The parties settled the actions without admitting or denying the findings and agreed to cease and desist from future violations.  Pursuant to the terms of the initiative, they also agreed to undertake to establish appropriate policies, procedures, and training regarding continuing disclosure obligations; comply with existing continuing disclosure undertakings, including updating past delinquent filings, disclose the settlement in future offering documents, and cooperate with any subsequent investigations by the SEC.

“The terms of the settlements reflect the credit these issuers earned for their cooperation in self-reporting pursuant to the MCDC initiative,” said LeeAnn Ghazil Gaunt, Chief of the SEC Enforcement Division’s Public Finance Abuse Unit.  “Because the issuers also voluntarily agreed to take steps to prevent future violations, both they and their investors have benefited from the initiative.”

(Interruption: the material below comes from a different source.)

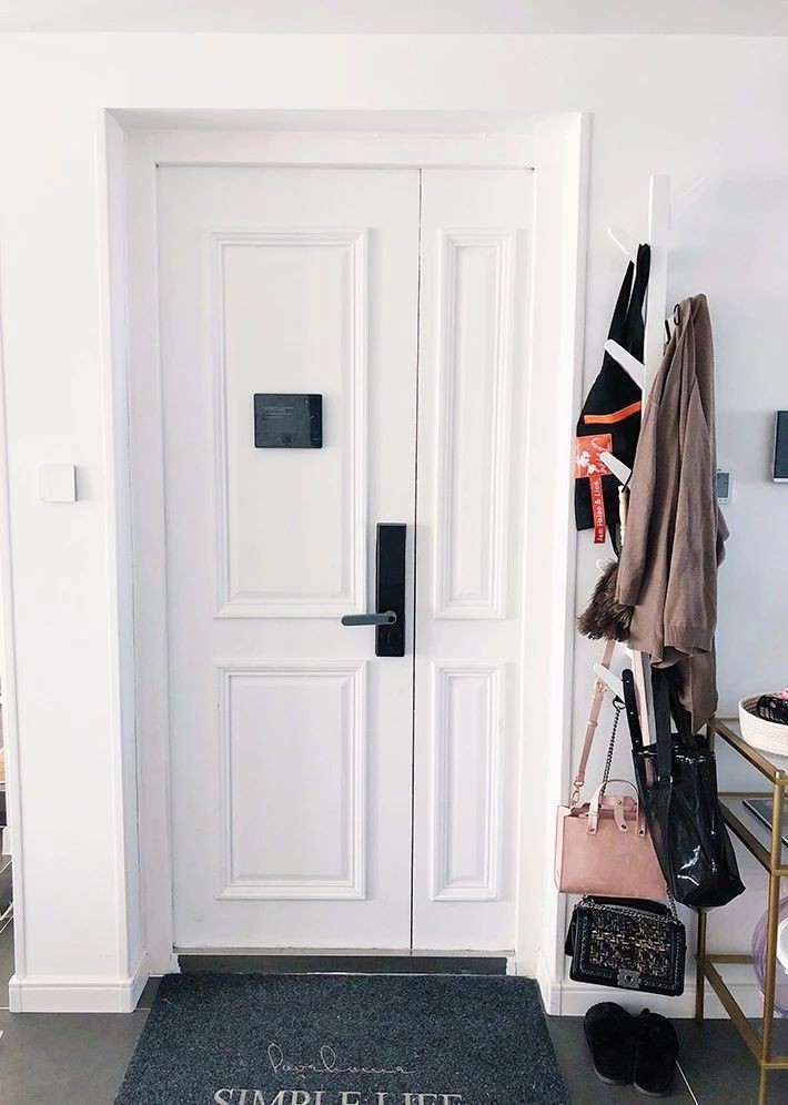 玄关是回家后进入的第一个空间,回到家后往往是要把帽子、围巾、小包包、外套等脱下来,而有个衣帽架的好处就是,可以顺手把它们都挂上去,避免回家的空间或沙发位置被堆砌得太杂乱碍眼,可以从细节处体现主人的优雅简洁气质。

The SEC has now filed a total of 143 actions against 144 respondents as part of the MCDC Initiative.  Today’s actions are the first against municipal issuers since the first action under the initiative was announced in July 2014 against a California school district.  The SEC filed actions under the initiative against a total of 72 municipal underwriting firms, comprising 96 percent of the market share for municipal underwritings, in June 2015, in September 2015, and in February 2016.

The MCDC Initiative is being led by Kevin Guerrero of the Enforcement Division’s Public Finance Abuse Unit.  The cases announced today were investigated by members of the unit, including Michael Adler, Joseph Chimienti, Kevin Currid, Susan Curtin, Peter Diskin, Brian Fagel, Natalie Garner, Warren Greth, Sally J. Hewitt, Jason Howard, Jason Lee, Robbie Mayer, Heidi Mitza, William Salzmann, Cori Shepherd, Ivonia K. Slade, Steven Varholik, Jonathan Wilcox, Monique C. Winkler, and Deputy Chief Mark R. Zehner with assistance from Peter Moores and Ellen Moynihan of the Boston Regional Office, Howard Kaplan of the Enforcement Division’s Center for Risk and Quantitative Analytics, and Rebecca Olsen, Hillary Phelps, and Adam Wendell of the Office of Municipal Securities.